═══ Information shown

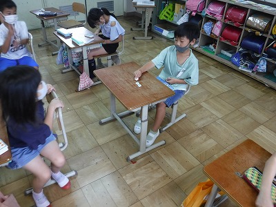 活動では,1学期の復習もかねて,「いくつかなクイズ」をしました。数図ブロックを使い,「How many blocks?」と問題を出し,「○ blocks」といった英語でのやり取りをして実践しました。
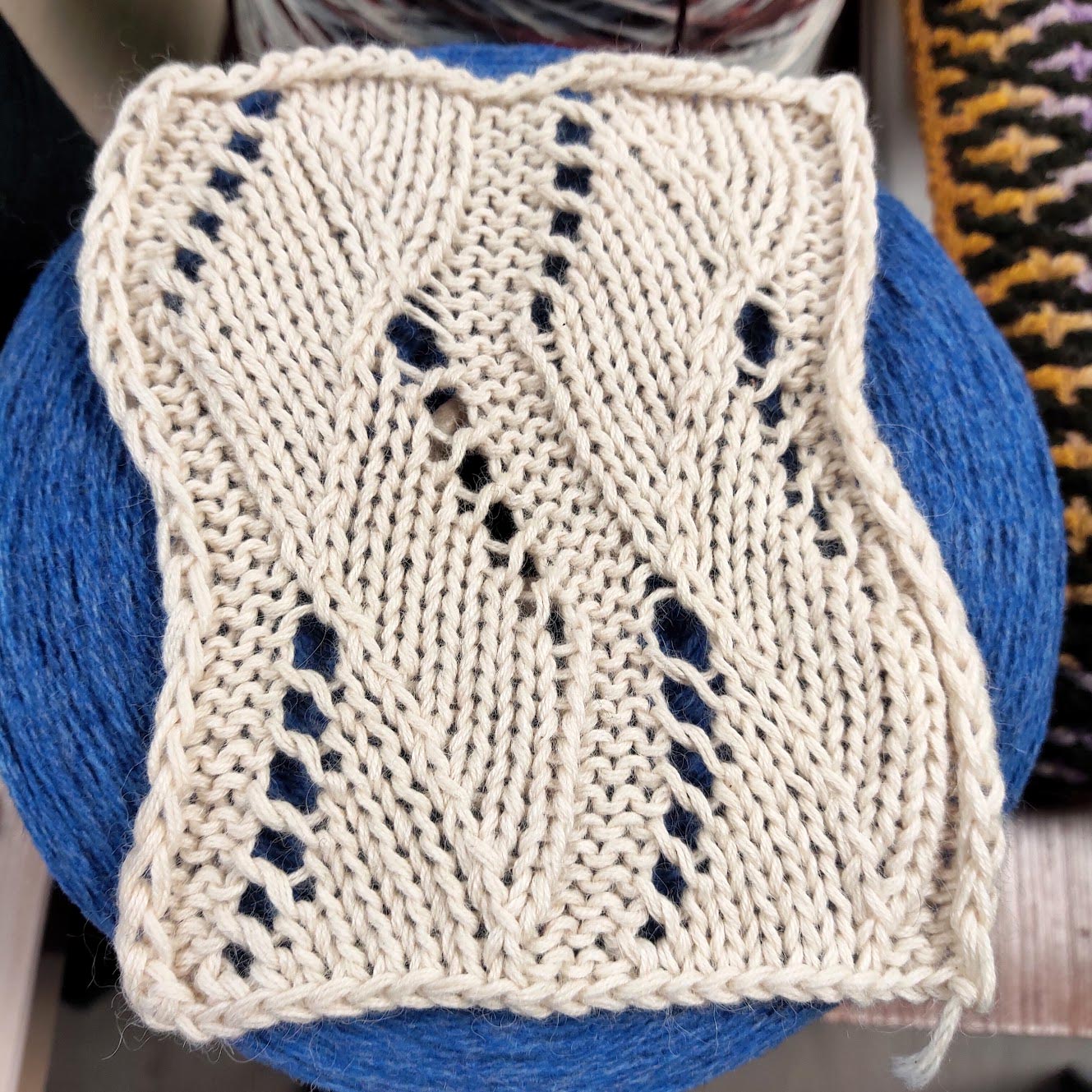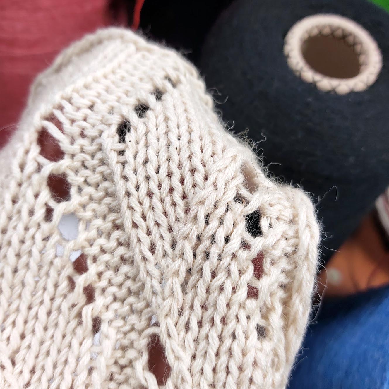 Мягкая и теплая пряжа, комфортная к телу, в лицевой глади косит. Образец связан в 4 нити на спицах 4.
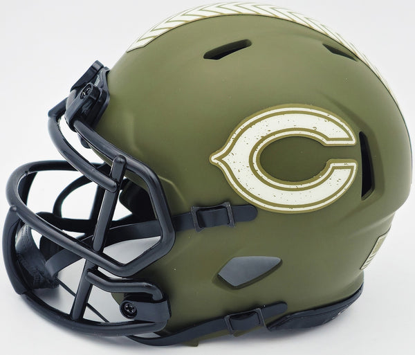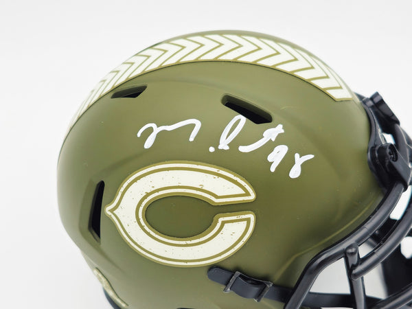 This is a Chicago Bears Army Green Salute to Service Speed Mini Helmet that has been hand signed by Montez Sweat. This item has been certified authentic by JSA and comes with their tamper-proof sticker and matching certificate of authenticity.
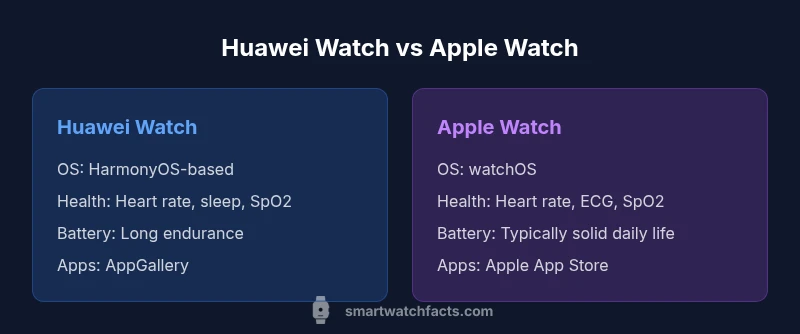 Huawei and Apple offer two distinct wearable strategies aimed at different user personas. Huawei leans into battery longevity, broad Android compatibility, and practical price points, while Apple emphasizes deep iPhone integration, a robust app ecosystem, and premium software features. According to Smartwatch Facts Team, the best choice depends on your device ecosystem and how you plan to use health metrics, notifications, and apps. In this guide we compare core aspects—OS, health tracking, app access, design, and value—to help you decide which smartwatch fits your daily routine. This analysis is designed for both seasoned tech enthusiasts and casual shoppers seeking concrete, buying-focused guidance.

══════
═══ Information shown

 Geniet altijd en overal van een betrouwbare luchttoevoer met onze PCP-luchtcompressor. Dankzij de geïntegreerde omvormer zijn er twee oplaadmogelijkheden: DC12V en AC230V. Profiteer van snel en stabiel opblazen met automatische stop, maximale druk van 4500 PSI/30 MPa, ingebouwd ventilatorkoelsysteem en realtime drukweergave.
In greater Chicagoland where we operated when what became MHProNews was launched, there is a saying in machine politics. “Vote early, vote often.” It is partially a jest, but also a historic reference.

══════
═══ Information shown

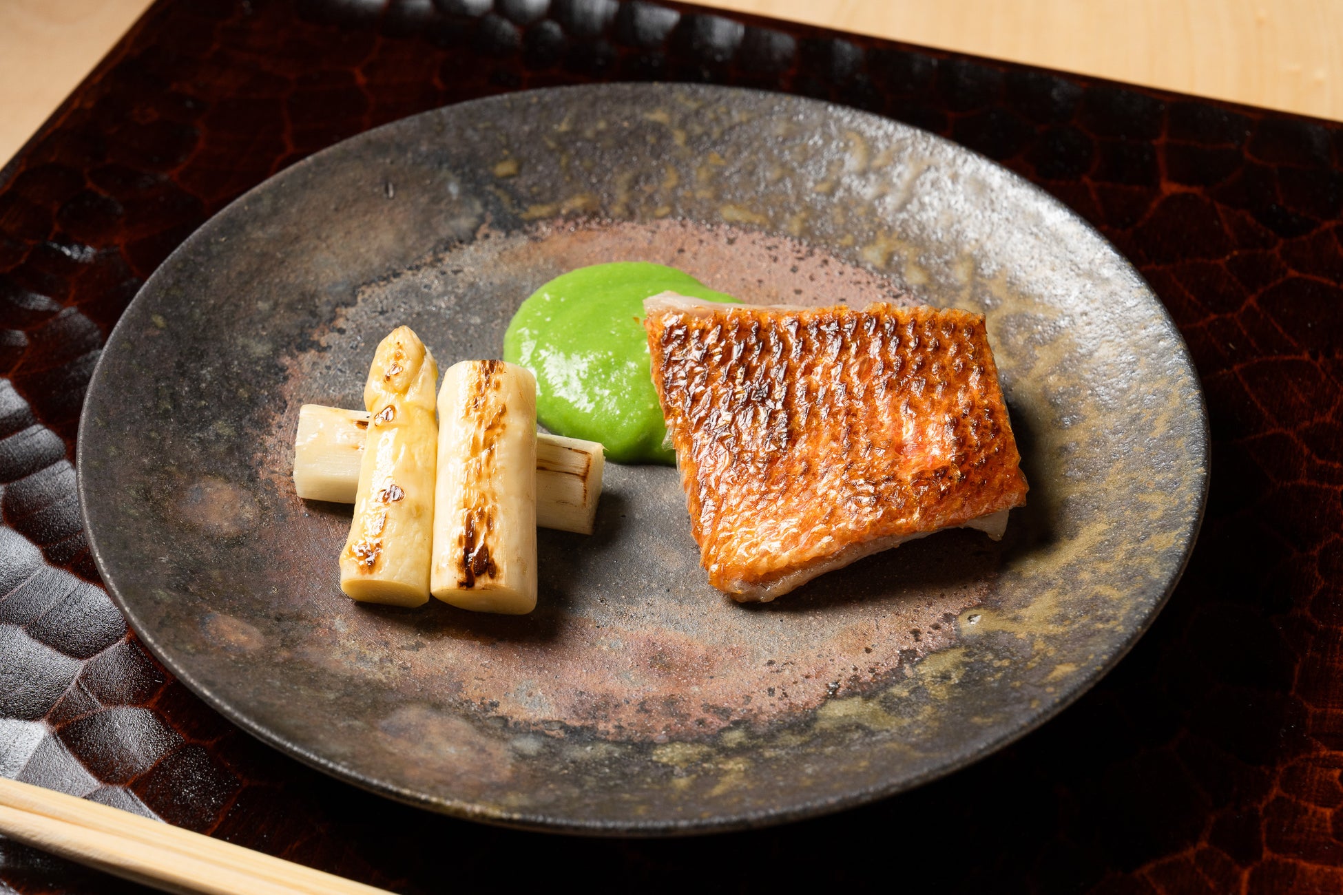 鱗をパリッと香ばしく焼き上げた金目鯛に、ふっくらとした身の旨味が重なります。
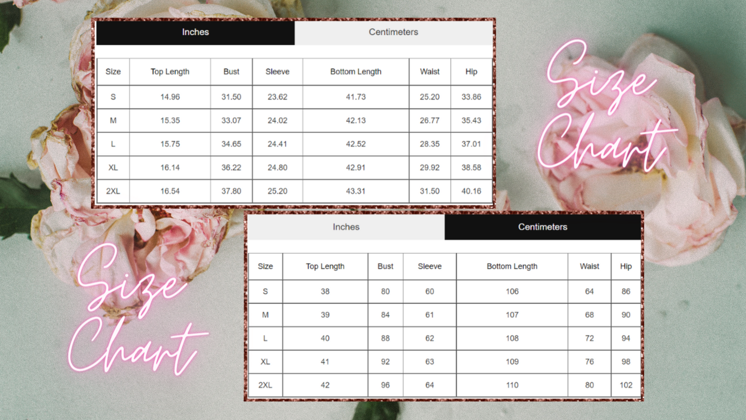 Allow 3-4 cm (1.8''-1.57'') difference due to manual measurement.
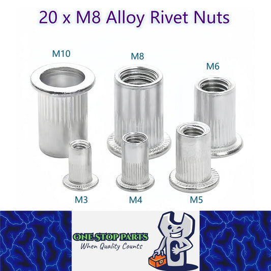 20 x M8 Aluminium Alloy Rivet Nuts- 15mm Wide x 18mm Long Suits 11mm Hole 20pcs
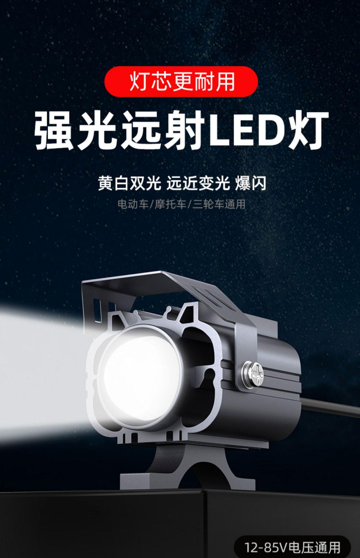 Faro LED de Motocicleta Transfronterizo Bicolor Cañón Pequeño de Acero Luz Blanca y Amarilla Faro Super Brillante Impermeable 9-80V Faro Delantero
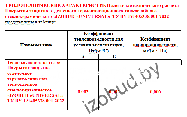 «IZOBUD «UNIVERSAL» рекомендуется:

══════

● **Task prompt**:
Both the line above containing "Мягкая и теплая" and the line containing "This is a Chicago" belong in the copy, along with every line between them; print these exactly and omit the pictures.

● **Expected answer**:
 Мягкая и теплая пряжа, комфортная к телу, в лицевой глади косит. Образец связан в 4 нити на спицах 4.
 This is a Chicago Bears Army Green Salute to Service Speed Mini Helmet that has been hand signed by Montez Sweat. This item has been certified authentic by JSA and comes with their tamper-proof sticker and matching certificate of authenticity.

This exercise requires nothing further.